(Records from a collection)
· · · ·

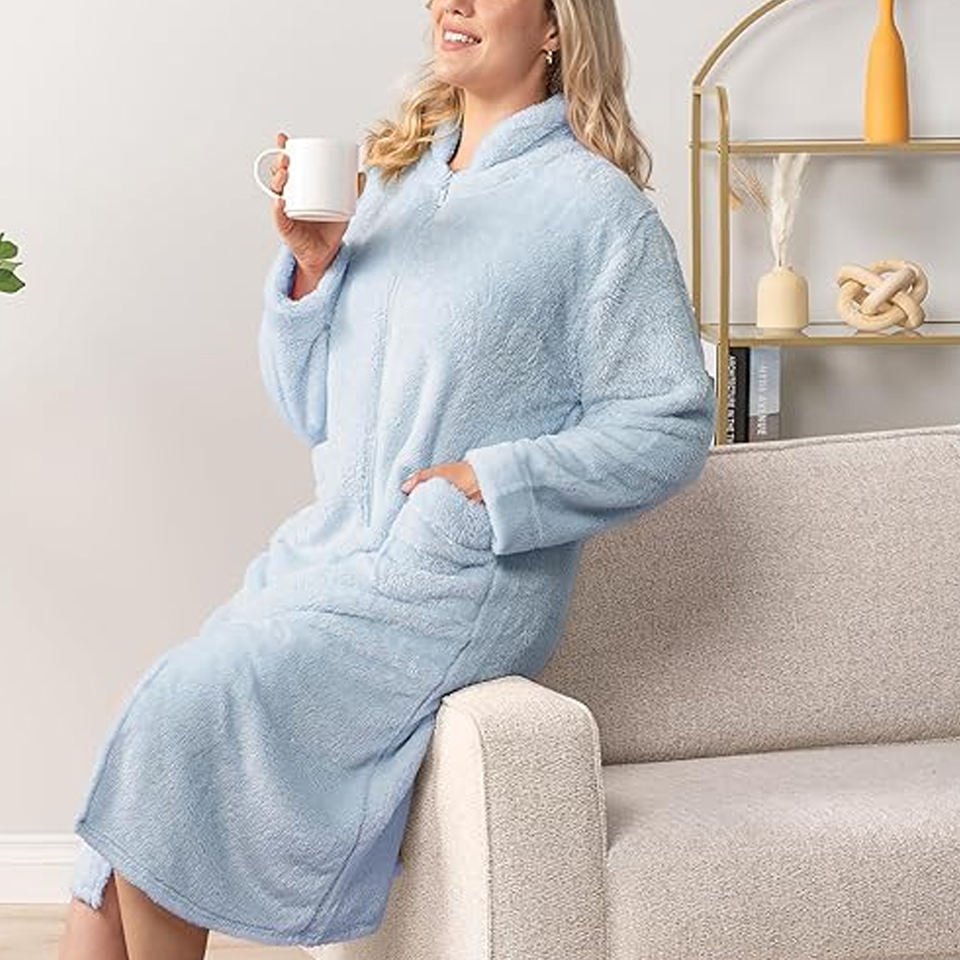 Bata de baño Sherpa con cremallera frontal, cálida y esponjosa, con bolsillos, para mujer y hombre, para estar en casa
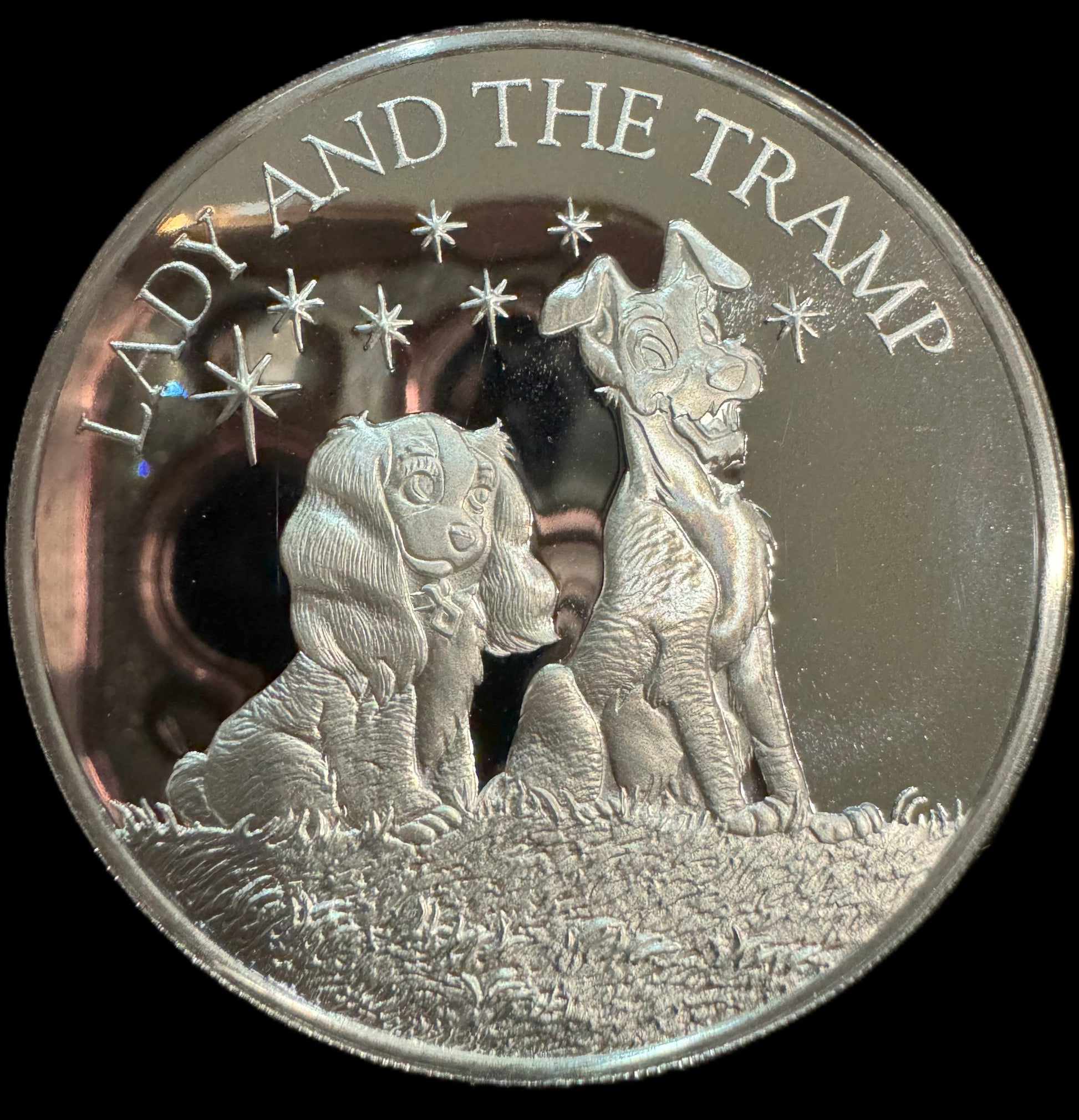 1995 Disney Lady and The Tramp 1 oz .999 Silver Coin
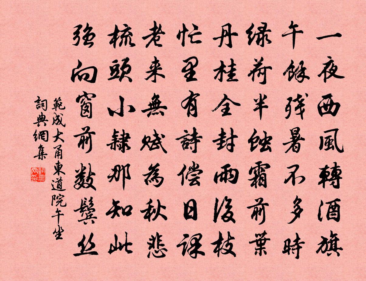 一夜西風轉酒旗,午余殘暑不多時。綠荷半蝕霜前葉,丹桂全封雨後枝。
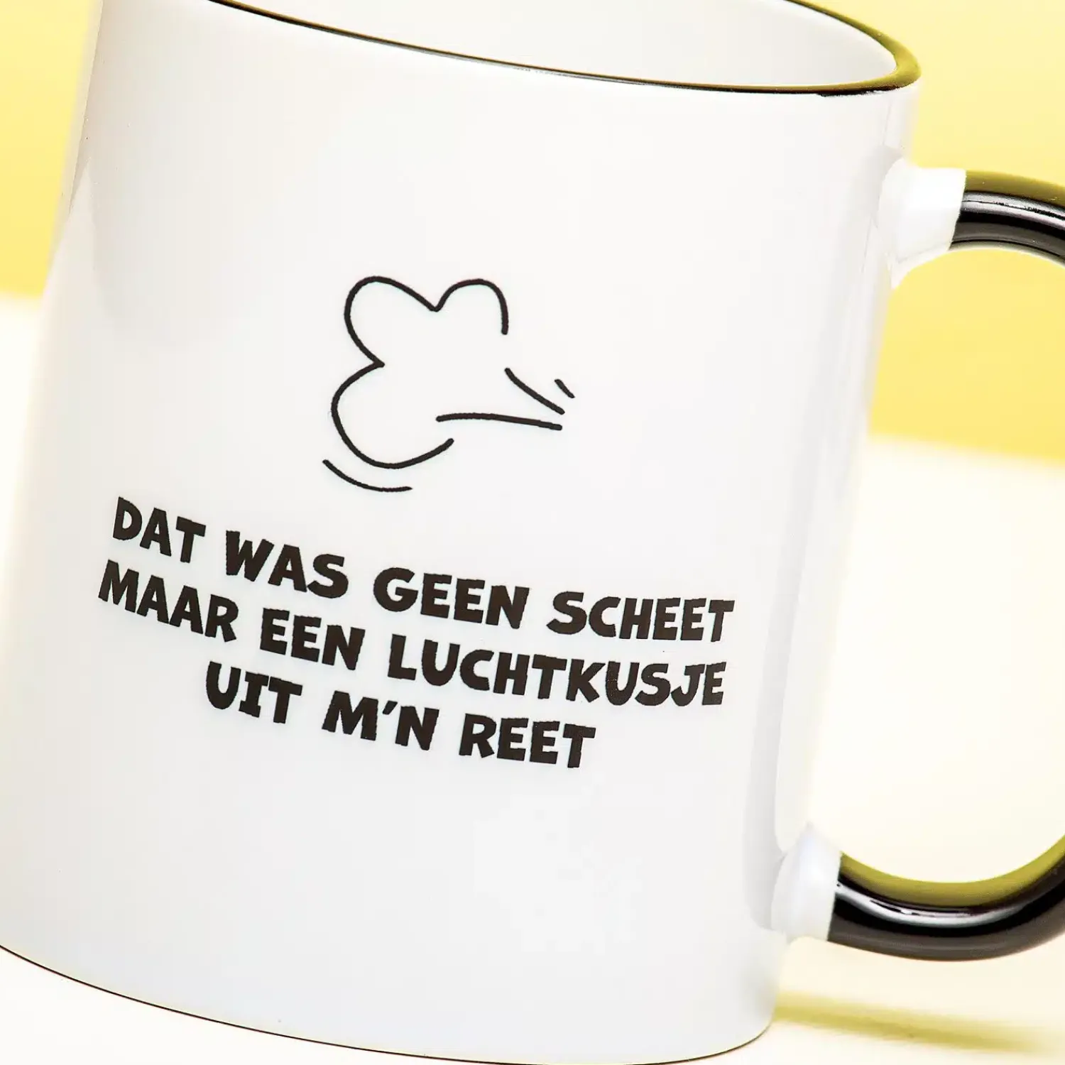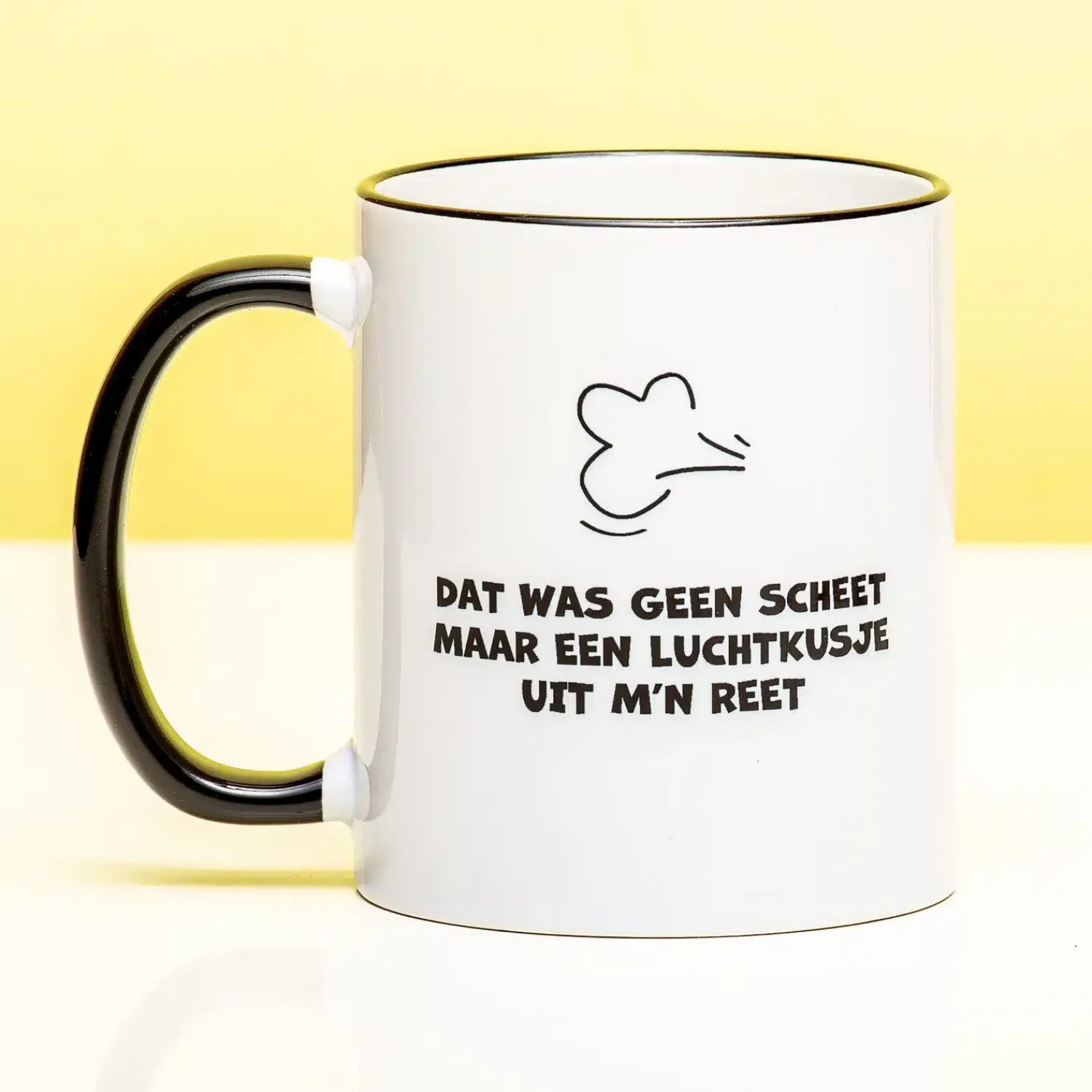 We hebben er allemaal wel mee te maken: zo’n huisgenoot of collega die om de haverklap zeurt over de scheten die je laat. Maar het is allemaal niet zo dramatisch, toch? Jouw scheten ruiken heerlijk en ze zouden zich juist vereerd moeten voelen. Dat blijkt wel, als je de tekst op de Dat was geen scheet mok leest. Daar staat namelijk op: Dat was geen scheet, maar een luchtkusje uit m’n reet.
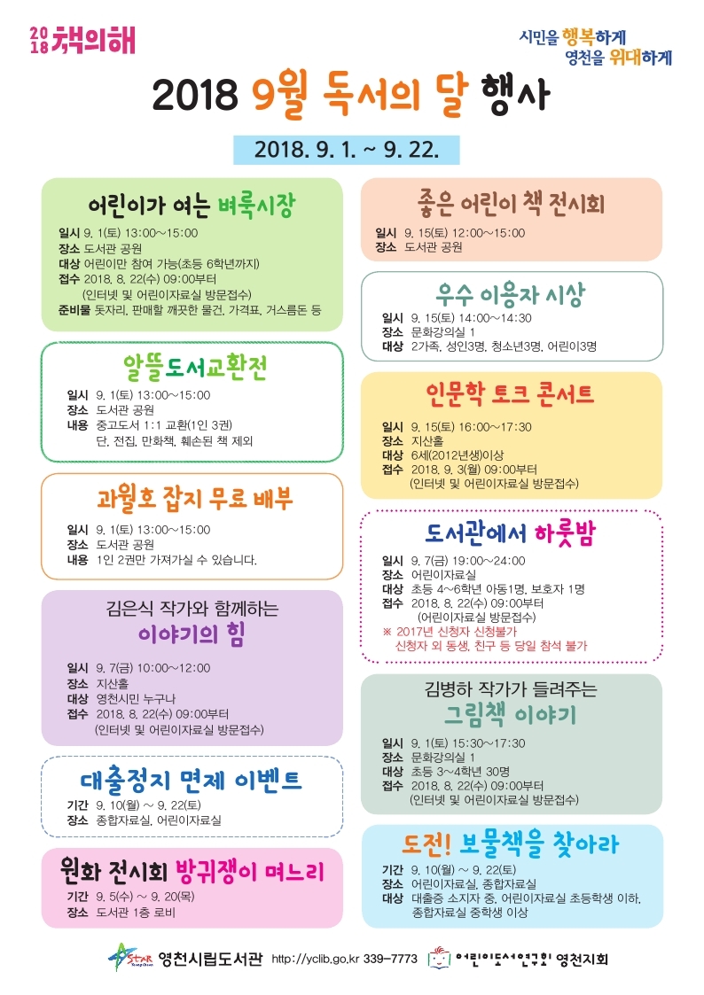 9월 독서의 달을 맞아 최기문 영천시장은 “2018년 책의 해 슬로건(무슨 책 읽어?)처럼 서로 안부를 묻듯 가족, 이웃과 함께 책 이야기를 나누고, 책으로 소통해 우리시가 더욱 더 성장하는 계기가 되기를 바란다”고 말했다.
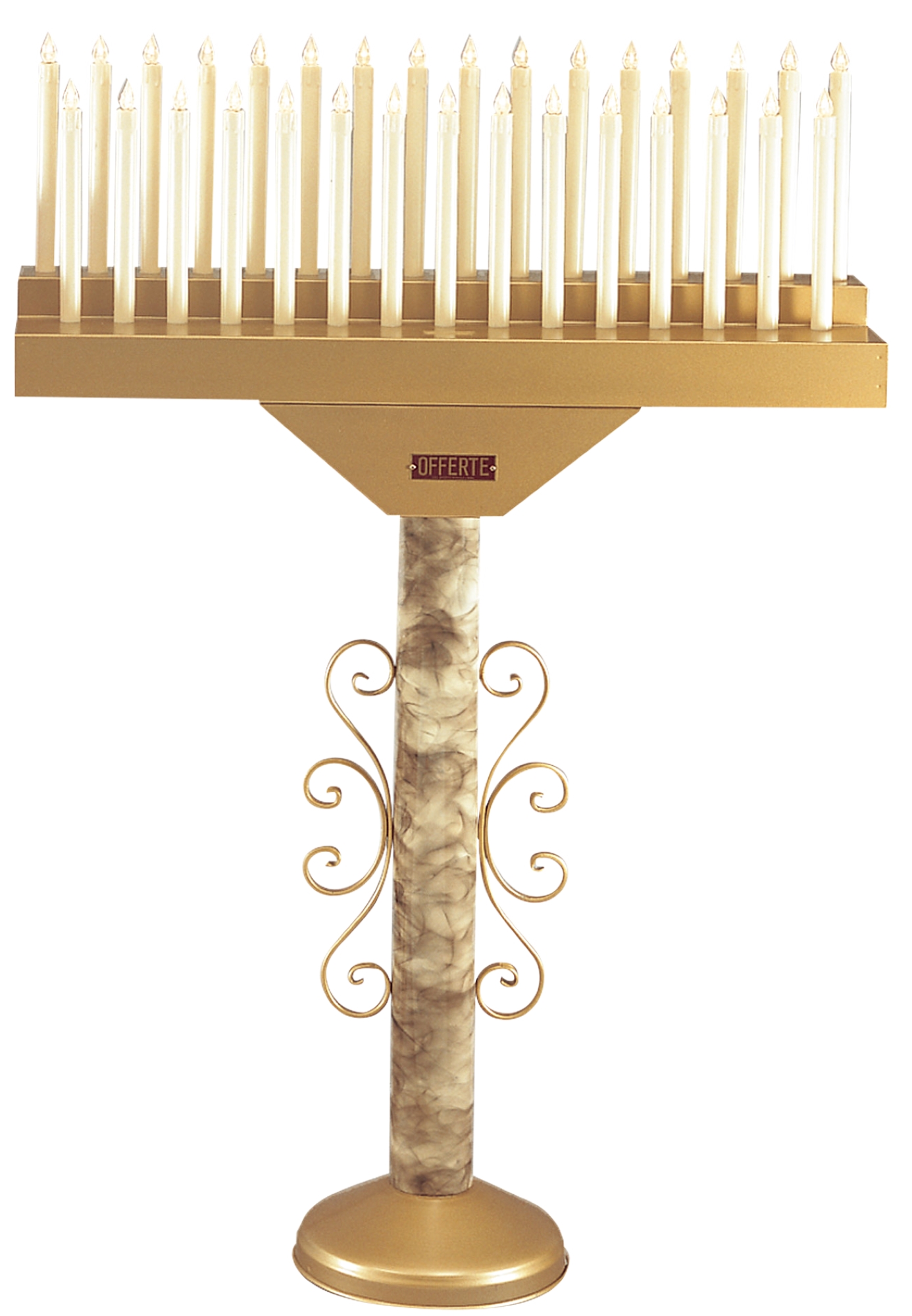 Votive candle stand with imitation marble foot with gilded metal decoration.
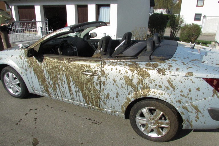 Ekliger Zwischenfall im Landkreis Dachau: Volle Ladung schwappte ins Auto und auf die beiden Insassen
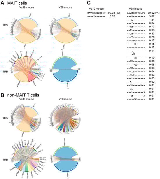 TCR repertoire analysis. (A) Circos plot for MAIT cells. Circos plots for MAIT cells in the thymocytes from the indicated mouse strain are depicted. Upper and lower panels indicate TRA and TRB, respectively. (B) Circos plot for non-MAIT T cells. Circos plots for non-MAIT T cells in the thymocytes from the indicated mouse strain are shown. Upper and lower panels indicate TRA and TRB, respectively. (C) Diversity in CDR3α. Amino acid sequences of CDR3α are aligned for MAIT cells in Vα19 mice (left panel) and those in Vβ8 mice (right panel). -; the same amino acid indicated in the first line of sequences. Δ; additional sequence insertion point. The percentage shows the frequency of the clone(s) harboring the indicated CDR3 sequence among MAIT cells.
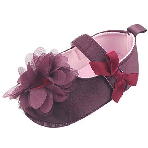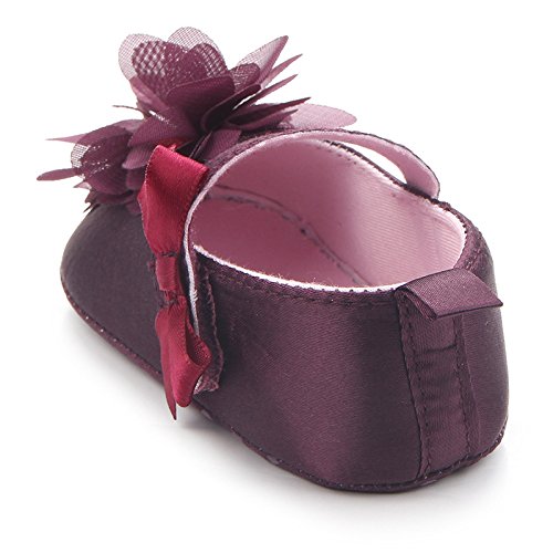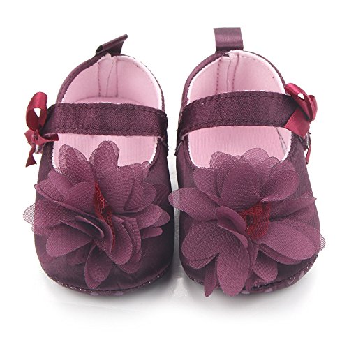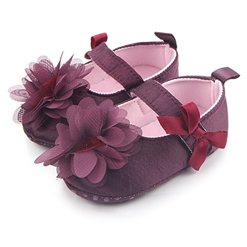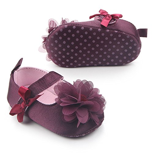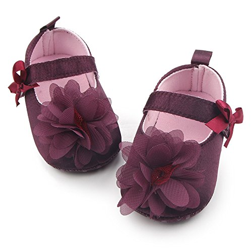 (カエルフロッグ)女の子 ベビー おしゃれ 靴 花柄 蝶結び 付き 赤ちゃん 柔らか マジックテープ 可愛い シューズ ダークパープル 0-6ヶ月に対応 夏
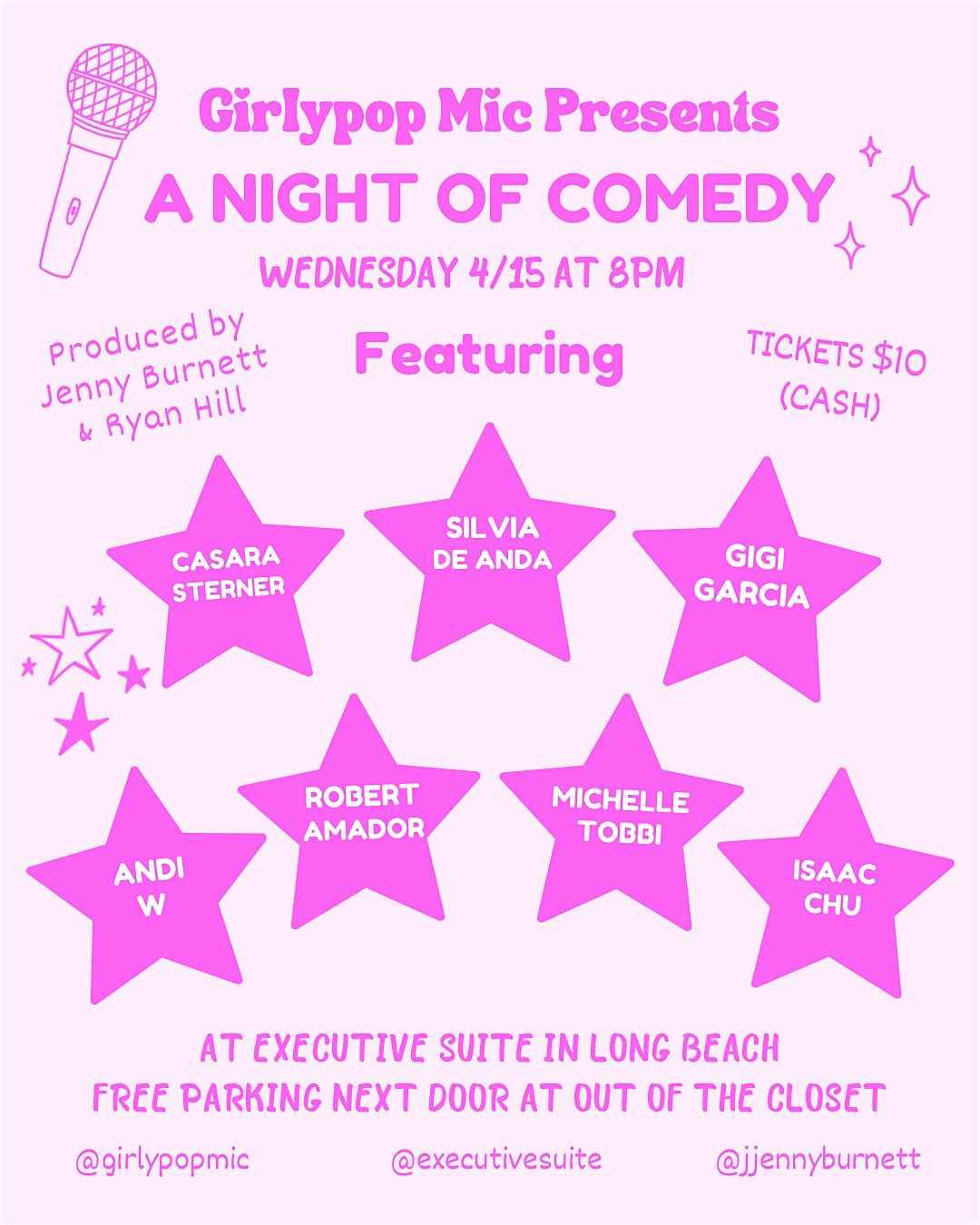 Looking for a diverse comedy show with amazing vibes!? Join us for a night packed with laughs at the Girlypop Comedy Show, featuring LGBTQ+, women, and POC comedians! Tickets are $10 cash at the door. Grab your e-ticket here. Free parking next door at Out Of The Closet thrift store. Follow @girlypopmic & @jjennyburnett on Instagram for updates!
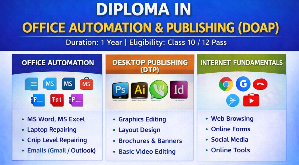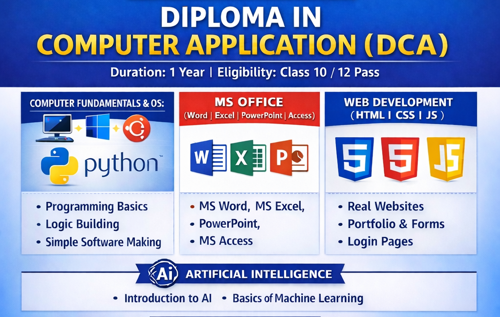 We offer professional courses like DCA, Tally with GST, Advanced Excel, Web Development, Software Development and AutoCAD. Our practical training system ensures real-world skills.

· · · ·

▶ **Your goal**: No pictures belong in the copy. Retype exactly, and only, the lines from the line containing "TCR repertoire analysis." through the last line of the data, both included.

▶ **Problem solution**:
 TCR repertoire analysis. (A) Circos plot for MAIT cells. Circos plots for MAIT cells in the thymocytes from the indicated mouse strain are depicted. Upper and lower panels indicate TRA and TRB, respectively. (B) Circos plot for non-MAIT T cells. Circos plots for non-MAIT T cells in the thymocytes from the indicated mouse strain are shown. Upper and lower panels indicate TRA and TRB, respectively. (C) Diversity in CDR3α. Amino acid sequences of CDR3α are aligned for MAIT cells in Vα19 mice (left panel) and those in Vβ8 mice (right panel). -; the same amino acid indicated in the first line of sequences. Δ; additional sequence insertion point. The percentage shows the frequency of the clone(s) harboring the indicated CDR3 sequence among MAIT cells.
 (カエルフロッグ)女の子 ベビー おしゃれ 靴 花柄 蝶結び 付き 赤ちゃん 柔らか マジックテープ 可愛い シューズ ダークパープル 0-6ヶ月に対応 夏
 Looking for a diverse comedy show with amazing vibes!? Join us for a night packed with laughs at the Girlypop Comedy Show, featuring LGBTQ+, women, and POC comedians! Tickets are $10 cash at the door. Grab your e-ticket here. Free parking next door at Out Of The Closet thrift store. Follow @girlypopmic & @jjennyburnett on Instagram for updates!
 We offer professional courses like DCA, Tally with GST, Advanced Excel, Web Development, Software Development and AutoCAD. Our practical training system ensures real-world skills.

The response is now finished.